NexPhase Capital-backed Synergy is a Gilbert, Arizona-based non-medical home care franchise that offers companionship services, in addition to personal assistance, housekeeping, live-in care and 24-hour home care services. Currently, the franchise company operates throughout the U.S., serving roughly 25,000 clients and employing about 20,000 people.

Young is among the growing number of home care leaders that believe the rise in unemployment has created a new labor pool and an opportunity to reach a new crop of caregiver candidates.

“This brings us an opportunity in the home care industry,” he said. “At Synergy HomeCare, we’ve seen our franchisees have a renewed focus on new caregivers coming into the marketplace.”

Specifically, job loss in the retail and hospitality industries has been a recruitment source for the company, according to Young.

“Retail has been hit very hard,” he said. “There is the hospitality segment, hotel workers and restaurant workers. Service-minded people make great caregivers.”

About 1.9 million store-based retail workers were unemployed as of June, according to the U.S. Bureau of Labor Statistics. The leisure and hospitality industry had lost 7.7 million jobs as of May.

Meanwhile, 5.5 million food service workers — waiters, cashiers, chefs, bartenders and restaurant staff — have experienced job loss.

Young believes that the COVID-induced labor pool benefits the home care industry in two ways.

“It brings a fresh perspective and fresh blood,” he said. “I think there are some skills and some aspects of service in those industries that are just tailor-made for home care. If you are coming from hospitality, restaurants or certain retail environments, you’ve been trained in service. That is only an asset when you think about putting them into the home in a one-on-one environment with someone in need of care.”

While providers are aware that a new pool of candidates exists, they will need to be proactive in order to actually lean in and benefit.

“One thing that we’re doing very tangibly is working with our recruiting marketing efforts to tap into these new markets,” Young said. “An example of this is through Facebook advertising. It allows us to target a whole new segment that we believe would make great caregivers.”

The company also works closely with job site Indeed to create specialized marketing programs in order to tap into the new pool.

“Prior to COVID-19, that was one specific profile — people that were already in that market,” Young said. “We’ve now expanded and are able to vertically target other communities. Expanding your field of vision can only be helpful.”

Likewise, Boston-based training platform CareAcademy has also seen an opportunity in the current moment.

In July, the company launched a home care job training and placement program, in partnership with Kairos HQ, a New York-based venture capital company.

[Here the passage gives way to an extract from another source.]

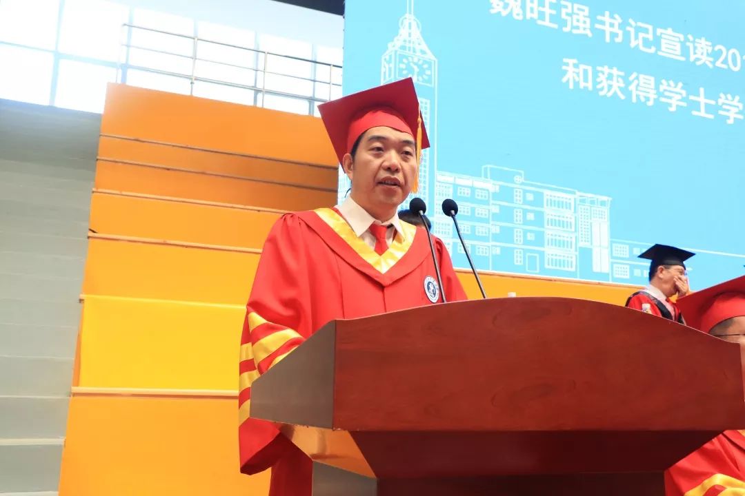 党委书记魏旺强宣读毕业生名单、获得学士学位名单。
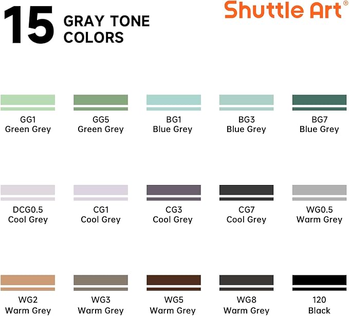 - Shuttle Art Gray Tones Dual Tip Alcohol Based Art Markers are assorted with 14 different gray colors and 1 black color. Gray colors set covers 4 cool grays, 2 green gray, 3 blue grays and 5 warm gray that meet people’s special requirements in gray tones. Markers are rated for 300 meters of continuous use which provide you a vast amount of ink per marker and are non-toxic and conforming to ASTM-D4236. They also resist fading over time. Perfect for use on paper, ceramics, glass, wood, cloth

“[Anecdotally], we’re seeing everyone from gig economy workers, retail workers, and food service workers who are curious and accessing [our] platform,” Helen Adeosun, CareAcademy’s founder and CEO, told HHCN in an email. “The trendlines for those industries make this an opportune time to present our Future of Work opportunity to those prime candidates.”

CareAcademy has since expanded the program, teaming up with the Home Care Association of America (HCAOA).

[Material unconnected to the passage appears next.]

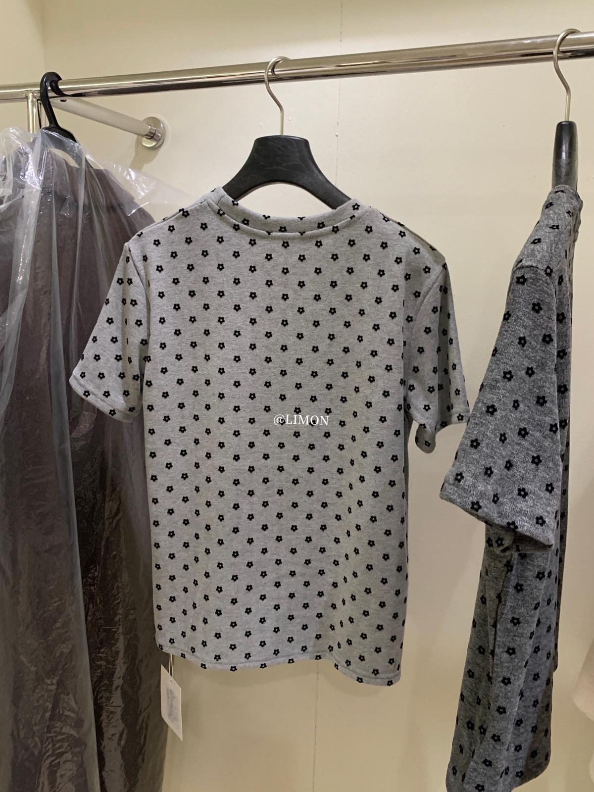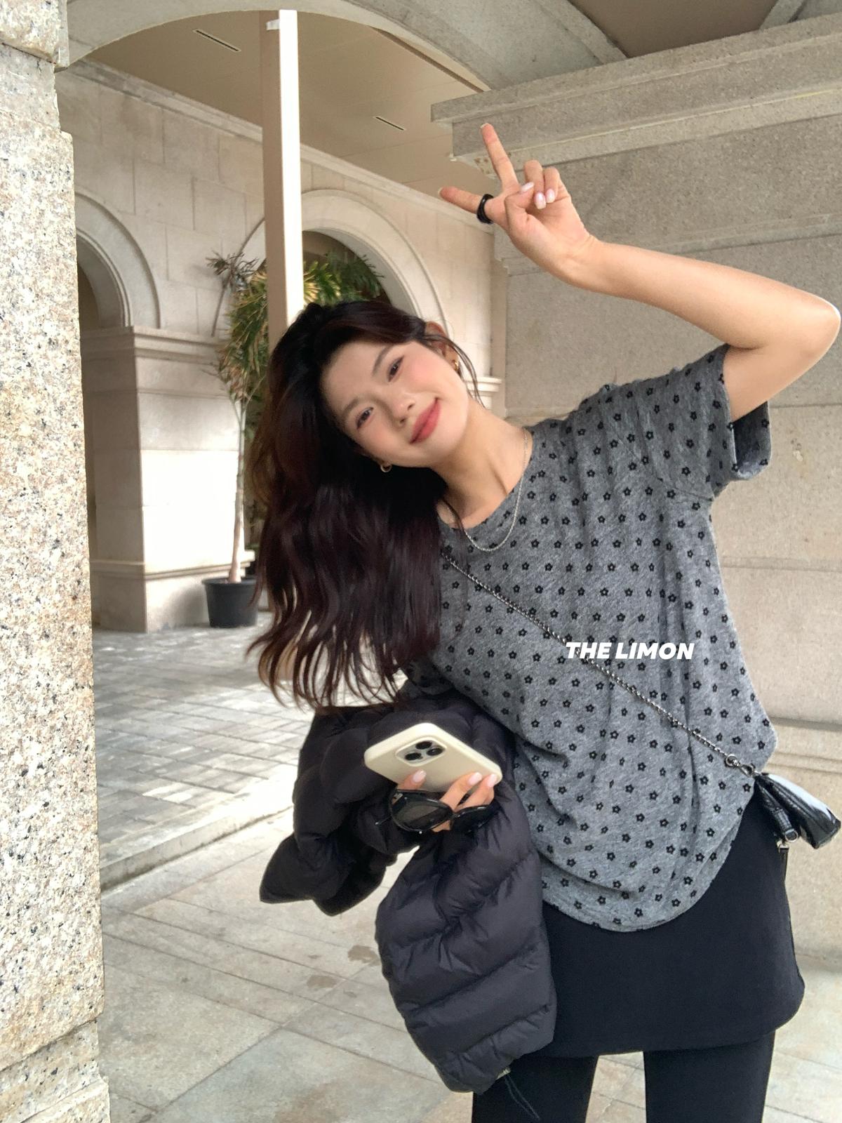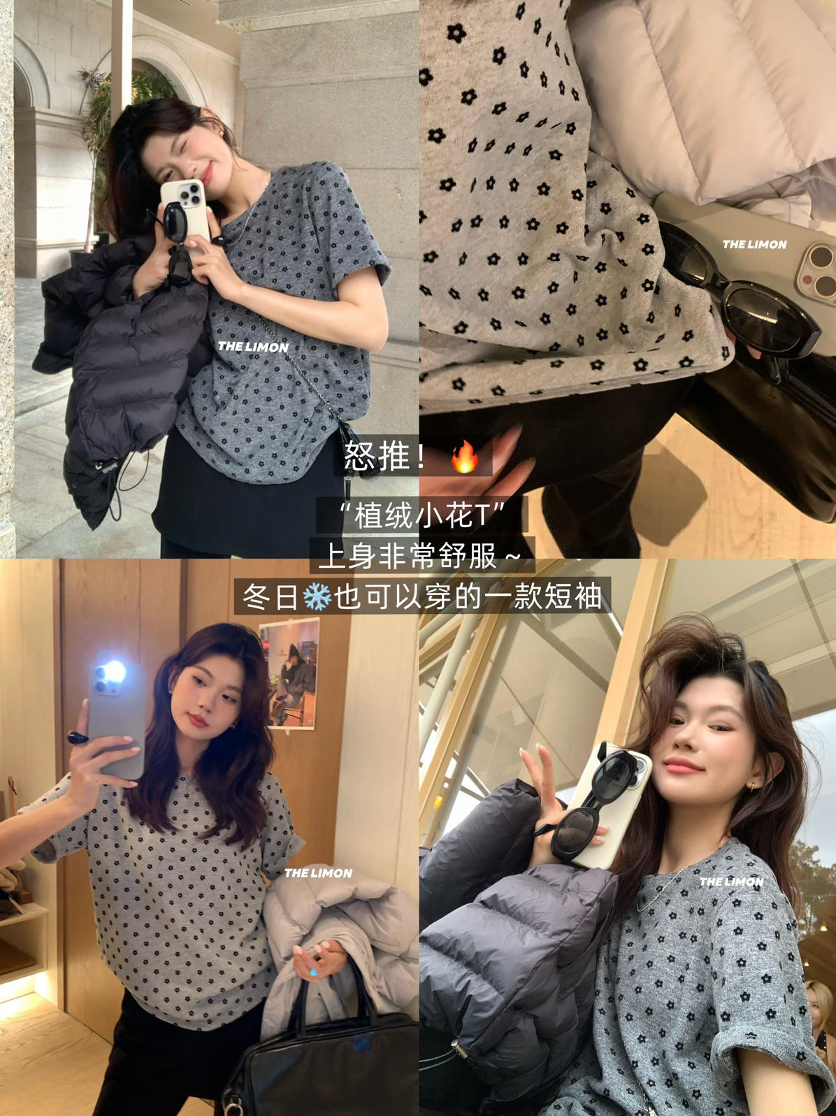 3. 【C7679】高質感正肩植絨小花寬鬆磨毛短袖T恤
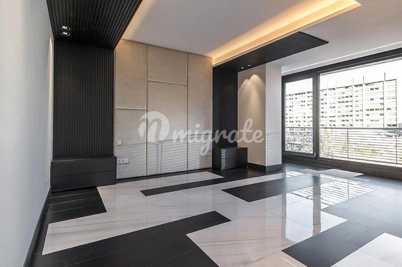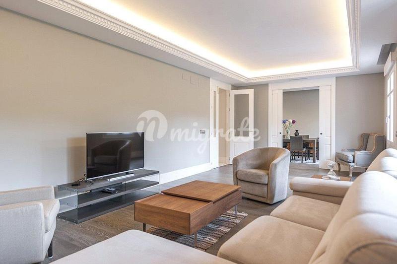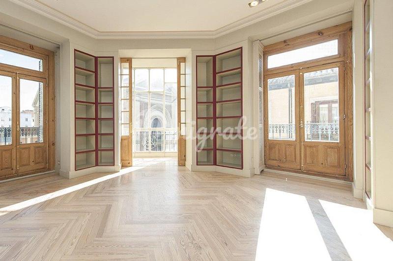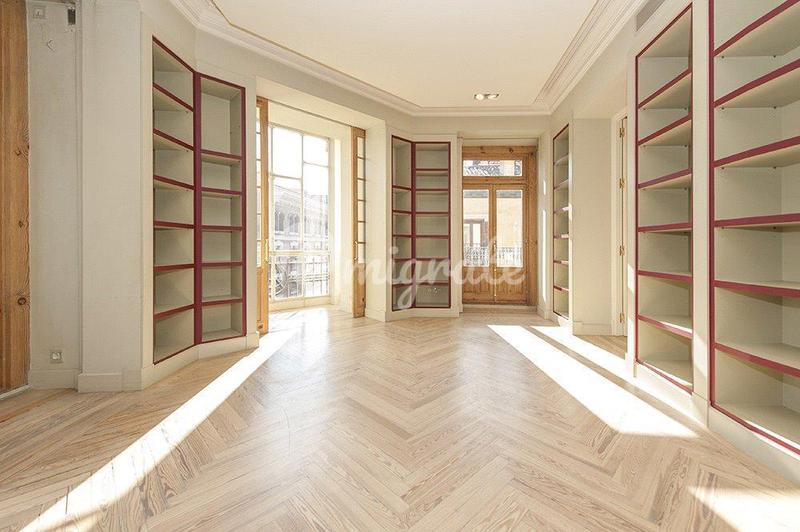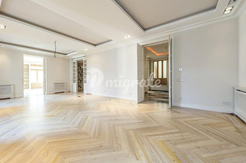 Квартира площадью 387 кв.м. расположена на пятом этаже здания с современным фасадом в самом сердце Пасео-де-ла-Кастельяна, всего в нескольких метрах от Нуэвос-Министериос.

Even with the opportunity for home care providers to recruit from a new pool of workers, home care providers will still need to step up when it comes to caregiver wages, according to Carr.

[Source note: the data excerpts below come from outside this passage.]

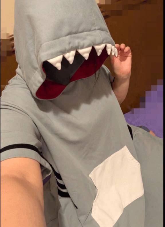 明日のお衣装ですが朝からサメパーカー着てます
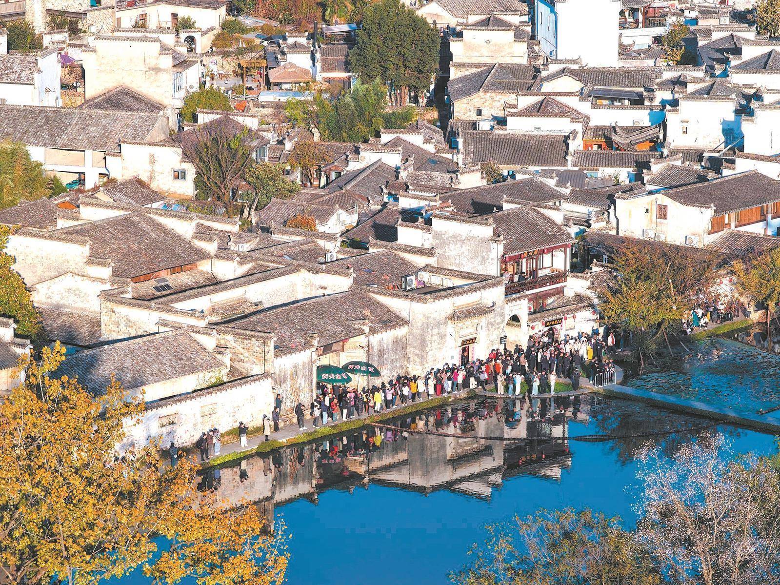 11月21日航拍的宏村。冬日里位于黄山市黟县的世界文化遗产地宏村色彩斑斓,犹如画里乡村。本报记者 徐旻昊 摄
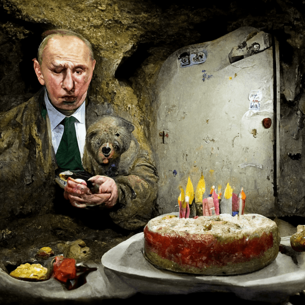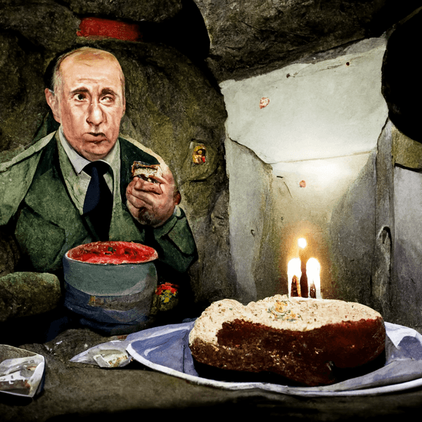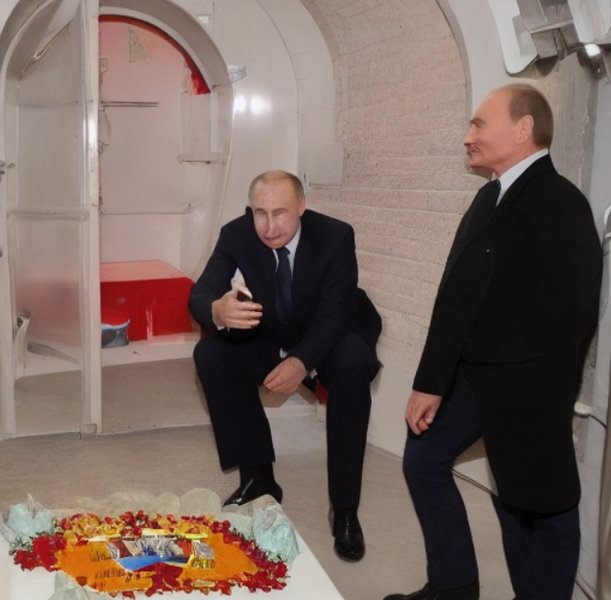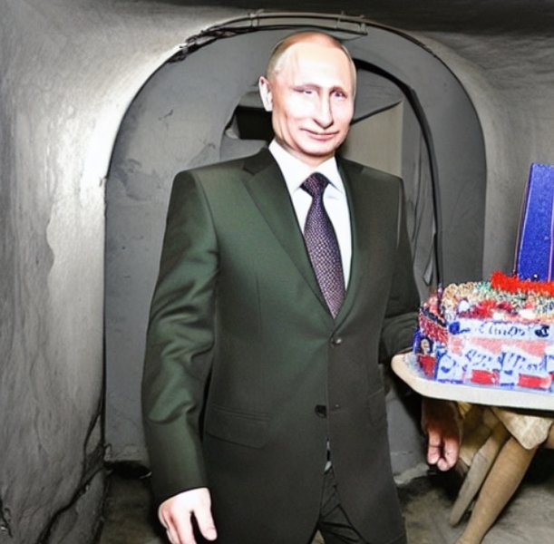 7 октября президент России Владимир Путин отмечает 70-й день рождения. Фокус с помощью нейросетей Stable Diffusion и Midjourney представил, как глава страны-агрессора празднует юбилей в бункере.
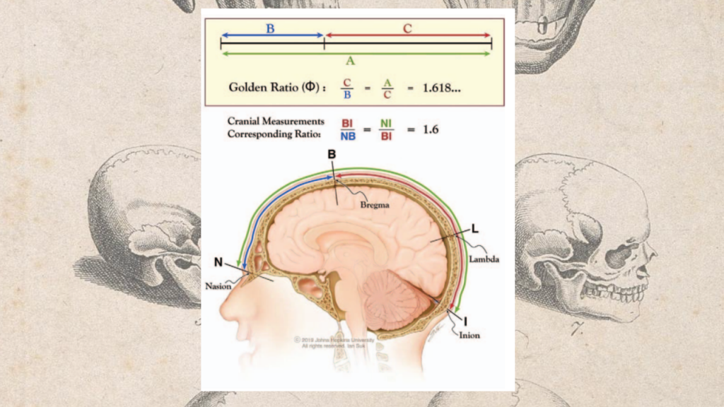 Hasilnya, didapati bahawa pada tengkorak manusia, nisbah kedua – dua menghasilkan jumlah 1.6 iaitu hampir dengan nisbah emas 1.618. Bagaimanapun, spesis lain tidak menghasilkan keputusan demikian.
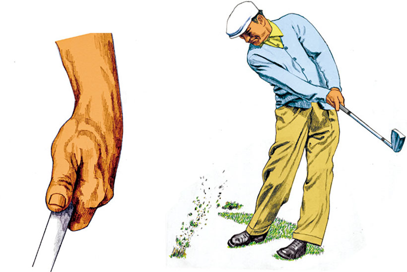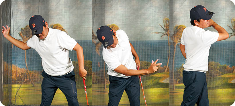 そこで大切なのが、左サイドによるグリップエンドのたぐり動作です。左手の3本指、左ヒジ、左肩などでたぐることで、ヘッドがスムーズにリリースされて、厚いインパクトにつながります」

“The standard economist logic would be that the wages that people are paid ought to reflect the nature of the working conditions,” he said. “My suspicion is that the primary driver of recruiting and retention problems are the jobs just simply don’t pay enough.”

Moving forward, Young believes that this truly a unique time for home care providers that are looking to hire a specific kind of caregiver.

“There’s really an opportunity to be focused on really finding those people that have a connection to the vocation of caregiving, people that are empathetic, that are compassionate, that have life experiences in providing care and service to others,” he said. “I think there’s been no time like this in recent history for this industry.”